We get an early start in the afternoon and park near La Barcaccina restaurant to walk along the Rimigliano beach south of San Vincenzo. The sea and sky are blue, it’s not too hot and not too cold, there’s nobody around and the Hottentot-figs (an unattractive name for a deep pink flower which colours the coast in spring) are flowering. What more can we want?
We go south as far as the end of the walkway and then north as far as San Vincenzo itself where a solitary beach bar is open and we eat an ice-cream in the shade enjoying the sea breeze and the view.
That evening, we go to see the sunset from Piazza Bovio in Piombino. Perfect!
On Thursday we visit Castiglione
della Pescaia in the morning and hike from Marina di Scarlino to Cala Violino in the afternoon.
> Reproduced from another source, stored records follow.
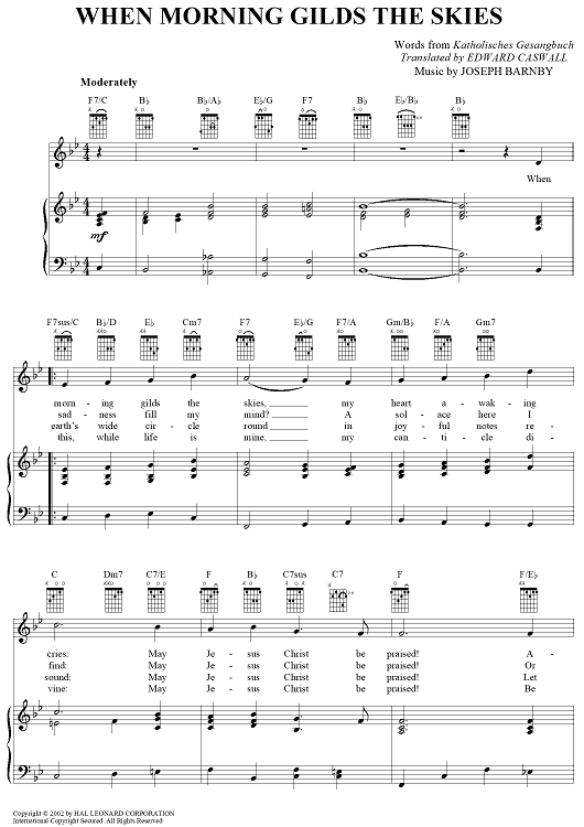 "When Morning Gilds The Skies" Sheet Music by Edward Caswall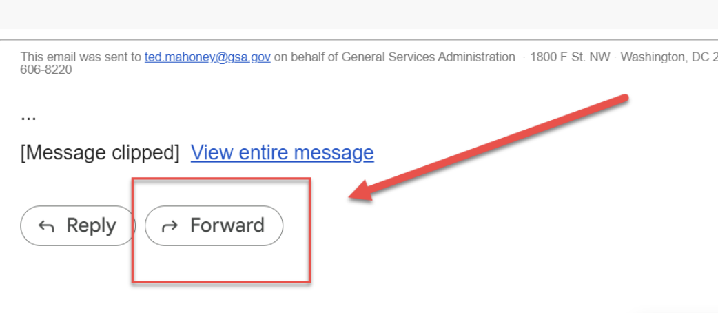 - To compose or forward, in the To field enter ecf@gsa.gov. You will see the displayed address showing the Electronic Contract File.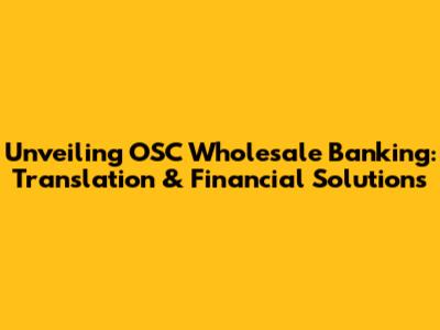 Unveiling OSC Wholesale Banking: Translation & Financial Solutions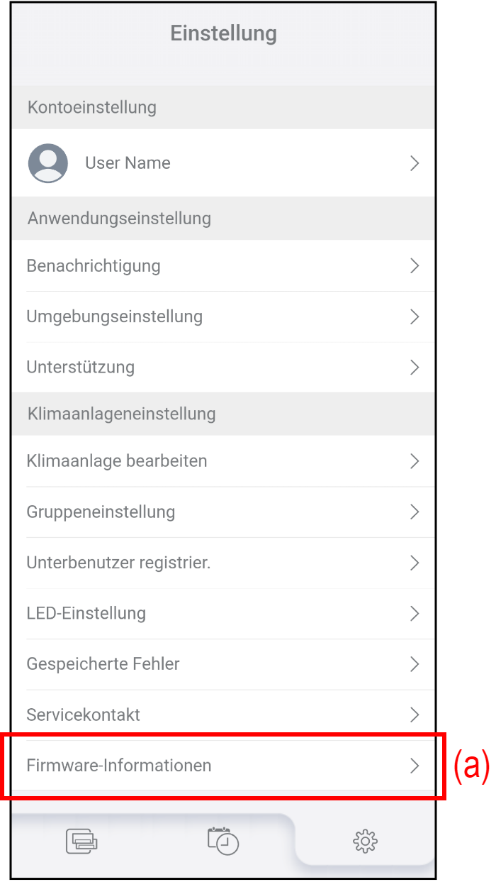 Einzelheiten siehe „Festlegen des Aktualisierungszeitpunkts für die Firmware“.(f) Aktualisieren Tippen Sie, um die Firmware der Klimaanlage oder des WLAN-Adapters manuell zu aktualisieren.

More info here
Theoretically,
on Friday we take it easy. In the morning we have a slow walk around Punta
Falcone to enjoy the views of the sea and Elba island and fantastic spring
flowers in the sun. The bright pink of the Carpobrotus edulis the
Hottentot-fig covers the steep rocks
down to the sea, with the flowers now open to enjoy the sun, like us. We are
lucky because the Associazione ‘Microcosmo’, a cultural association dedicated
to promoting the area's environmental and historical heritage, has opened the
museum in the former Galeazzo Sommi Picenardi naval battery because some
students are due to arrive. We get an impromptu guided visit to the area below
(not for the claustrophobic) where there are interesting panels, photos and
articles regarding the defence of the area during the two world wars. Walking around, taking photos and this impromptu visit takes us all morning.
After lunch and a rest we go for a walk along Via dei Cavaleggeri, the hiking trail along the coast which starts from the area above Cala Moresca and continues to Baratti and Populonia. We do the short but very panoramic stretch we always do – between Cala Moresca and Fosso Canne. We are lucky. There’s nobody around, no bikers, it’s sunny, there are flowers everywhere. Fosso Canne is now a little deserted but the low wall to sit on with the Tamerix to shade us and the waves breaking on the stony beach are as evocative as ever.
On Saturday we visit the Geothermal park are in Monterotondo Marittimo and the fascinating village of Castelnuovo Val di Cecina and its murals in the afternoon. More information here
This is the fourth time we have visited the area of Costa degli Etruschi and Piombino but it does not disappoint. During the shoulder season it is almost untouched by tourism despite having a wealth of picturesque villages, pretty countryside and wilder areas of woods, excellent beaches like Rimigliano and a relaxed feel of authenticity. Spring has the advantage of the flowers of the Mediterranean undergrowth along the coast while autumn the countryside is especially beautiful as the leaves of the vines start to change colour. So it's one of our favourite areas in Italy.
April was a good time to visit for walking along the coast and exploring towns and villages before it gets too hot. We had a couple of half days of rain but temperatures were mostly around twenty degrees. The towns and villages inland have a good choice of restaurants offering reasonably priced and excellent local food since they rely on residents and those who have second houses as much as tourists. Instead fish based eateries near the sea are as expensive as elsewhere in Italy. It's an area where a car is useful, not so easy by public transport especially to get to the most natural beaches and for hiking. Driving is easy out of season because the roads are quiet, just a little busy on a sunny Sunday.
This time we stayed a week, but if you are new to the area you could definitely stay longer without getting bored, especially if you want to include some beach and/or hiking time. And we still haven't got to Elba island......I expect we will return for a fifth time, sooner or later!